- League: American League
- Ballpark: Sportsman's Park
- City: St. Louis, Missouri
- Record: 70–84 (.455)
- League place: 6th
- Owners: Donald Lee Barnes
- General managers: Bill DeWitt
- Managers: Fred Haney, Luke Sewell
- Radio: KWK (Dizzy Dean) KXOK

= 1941 St. Louis Browns season =

Major League Baseball season

The 1941 St.
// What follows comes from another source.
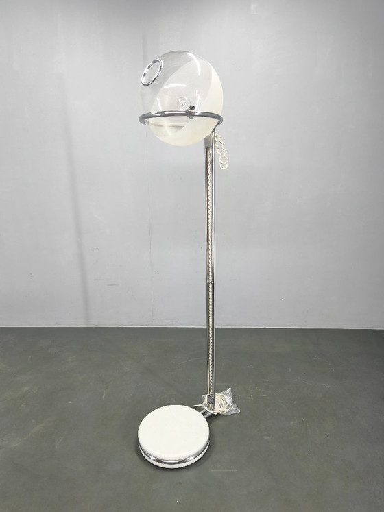 Lampadaire italien chromé à globe en verre, style Lenci, années 1970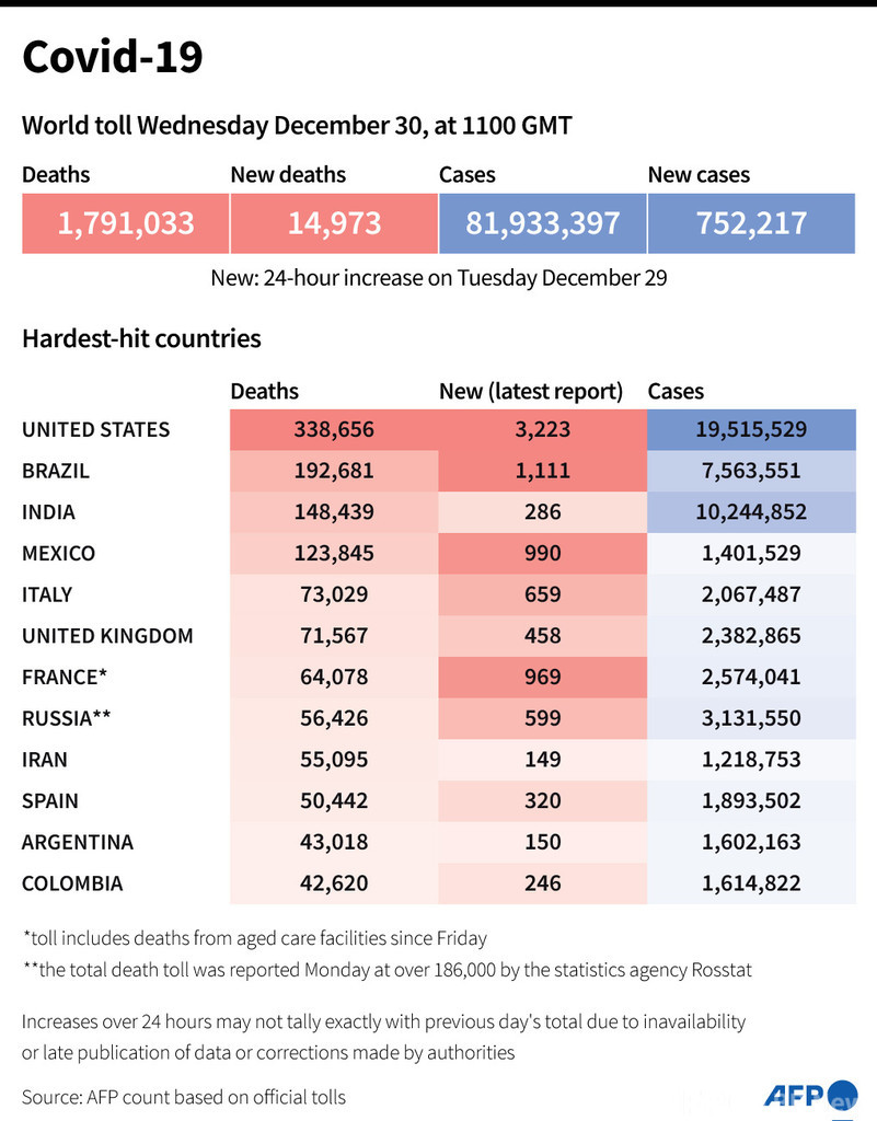 【12月31日 AFP】AFPが各国当局の発表に基づき日本時間30日午後8時にまとめた統計によると、世界の新型コロナウイルスによる死者数は179万1033人に増加した。

Louis Browns season was a season in American baseball. It involved the Browns finishing 6th in the American League with a record of 70 wins and 84 losses.

== Offseason ==
- November 16, 1940: George Caster was selected off waivers by the Browns from the Philadelphia Athletics.

== Regular season ==
The 1941 season marked a change in management, as Luke Sewell was appointed the Browns new manager on June 5, 1941. While the St. Louis Cardinals drew over 600,000 fans, the Browns barely drew 175,000. The consensus was that St. Louis could not support two teams.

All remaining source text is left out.